The results of this study have shown that half of the HAs of the Mont Ngafula II HD recorded high dropout rates.
More than two-fifth of them also registered low vaccine coverage while only one HA reported exclusively low vaccine coverage.
Concerning the predictors, residing in rural areas and the absence of immunization card, no seating places and no respect of the order of arrival during vaccination in health facilities as well as the lack of a reminder system on days before the scheduled vaccination were significantly associated with high dropout rates among children aged 12–23 months.
Concerning the local system of vaccination services, the poor utilization of vaccine services seemed as the main health concern followed by the poor access at HA scale. Among the HAs that recorded high dropout rates, more than half reported good access but poor utilization of vaccination services (high vaccine coverage and high dropout) while two-fifth registered both poor access and poor utilization vaccination services (low vaccine coverage and high dropout). Furthermore, only one HA reported both poor access and high utilization vaccination services (low vaccine coverage and low dropout). Thus, these results may represent a useful indicator for the risk assessment of vaccination services in the study area.
In the present study, children without immunization card had higher susceptibility to drop out from vaccination services. Not having an immunization card was also found as a predictor of incomplete immunization in other studies from low-income African countries (15, 17, 18). This situation may be related to perception of attitudes of the health staff. As suggested by Baguune et al. (2017), in case of loss of immunization cards, negative attitudes from some health workers unable to provide new vaccination cards induce a reluctance feeling of mothers for new vaccination in health facilities (15). This evidence is also supported by the results from a cross-sectional survey conducted during a polio outbreak in Cameroon in which good perception of immunization services was considered as a determinant of vaccination completeness (19). Thus, we hypothesize that a good reception of health staff can strengthen interpersonal communication and be a major asset for the subsequent use of the immunization services.
This study showed that children residing in rural areas were more likely to drop out compared to their urban counterparts. However, discordant results have been reported in other studies, especially conducted in Asia and Africa. At the contextual level, living in rural areas was associated with breaks in childhood vaccination in India (20) while this characteristic was found protective in a multilevel analysis involving 24 African countries (21). As suggested previously, discrepancies observed would call into question the urban advantage probably due to urban demographic growth and related difficulties of access to health services (20, 22–24).

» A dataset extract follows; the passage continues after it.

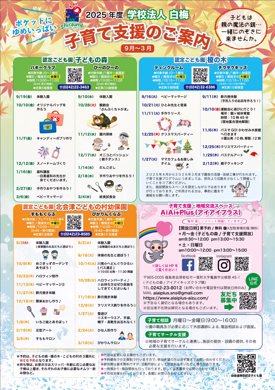 学校法人白梅では、「子どもの森」「榎の木」「北会津こどもの村幼保園」そして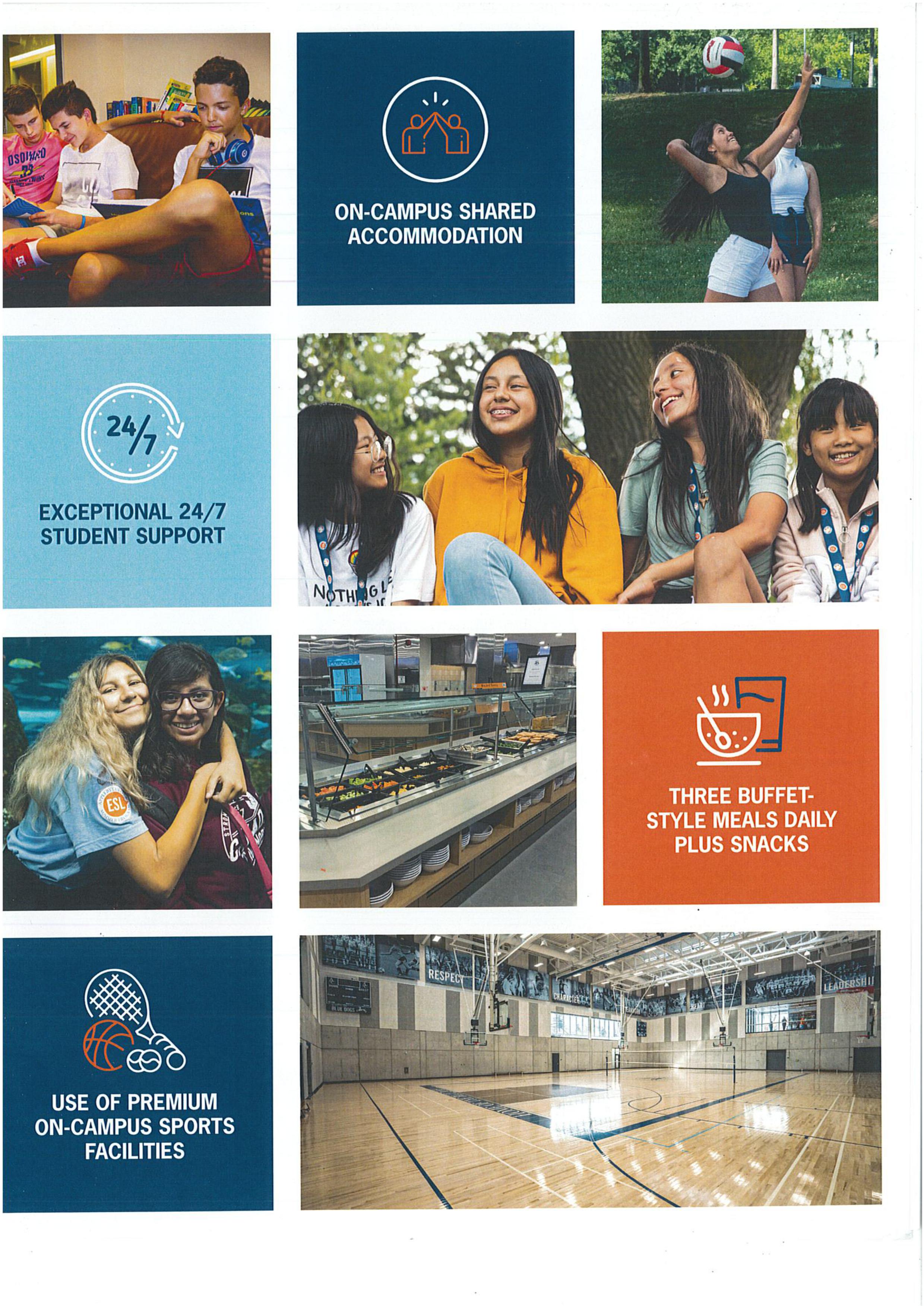 Chi phí trọn gói: $7,350 CAD bao gồm: học phí, ăn ở (3 bữa kiểu buffet/ngày và ăn vặt), hoạt động trong và ngoài trường, nhân viên an ninh 24/7, sử dụng các trang thiết bị thể thao, báo cáo kết quả học tập từng cá nhân & tín chỉ trung học tỉnh bang Ontario, Chăm sóc y tế và Bảo hiểm y tế trong suốt chương trình, Chi phí đi lại.

Respondents perceived that unavailability of seating places and no respect of the order of arrival during vaccination in health facilities were associated with immunization dropout rate. In addition, the lack of a reminder system on days before the scheduled vaccination was also perceived as a predictor to high dropout. This result is similar to studies conducted by Bangure et al. (2015) in Zimbabwe (25), Haji et al. (2016) and Gibson et al. (2017) in Kenya (26, 27). They found that complete immunization was significantly higher among children of mothers/caregivers who received short message service (SMS) reminders than those in control groups. Thus, our findings support the hypothesis that implementing and extending a reminder system using SMS-type messages may contribute to improve substantially immunization services in our context.
Other socio-demographic characteristics considered in the present study were not statistically associated with dropout rate while they were found as predictors of incomplete vaccination. Children (birth order, sex), parents (education level, religion), and household (number of children) characteristics were significantly related to the children immunization status in several African studies (15, 19, 26, 28–34). Growing number of children, sex discrimination, low parents’ education level, and misconceptions from certain religious groups affecting vaccination uptake may lead to immunization dropout (15, 19, 26). The discrepancies observed on these characteristics in our study represent the first limit. They could be explained by our small sample size and some specifics characterizing the objectives assigned and the sample procedures comparatively to other studies.
A second study limitation is that determinants of vaccination dropout rates were assessed from the perspective of the users of vaccination services. Evaluation from the perspective of health systems and providers was not considered. However, determinants of childhood immunization coverage are complex and interrelated. Vaccination depends on a real need for vaccines and health seeking service from users and high-quality service of vaccines offer under the optimal technical, logistical, and operational conditions from providers (35).
Nonetheless, there has been a limited number of research in DRC concerning vaccination dropout (36). To our knowledge, the present study is the first conducted at both fine spatial scale and individual level to understand the main health concern of vaccine services and identify factors related to low vaccination completeness among children aged 12–23 months. An additional strength of this survey is that the result of this study can be extrapolated to the population of the DRC because the survey used a probability sampling technique and the minimum sample size was computed taking into account the formula required to allow each person to be part of the sample.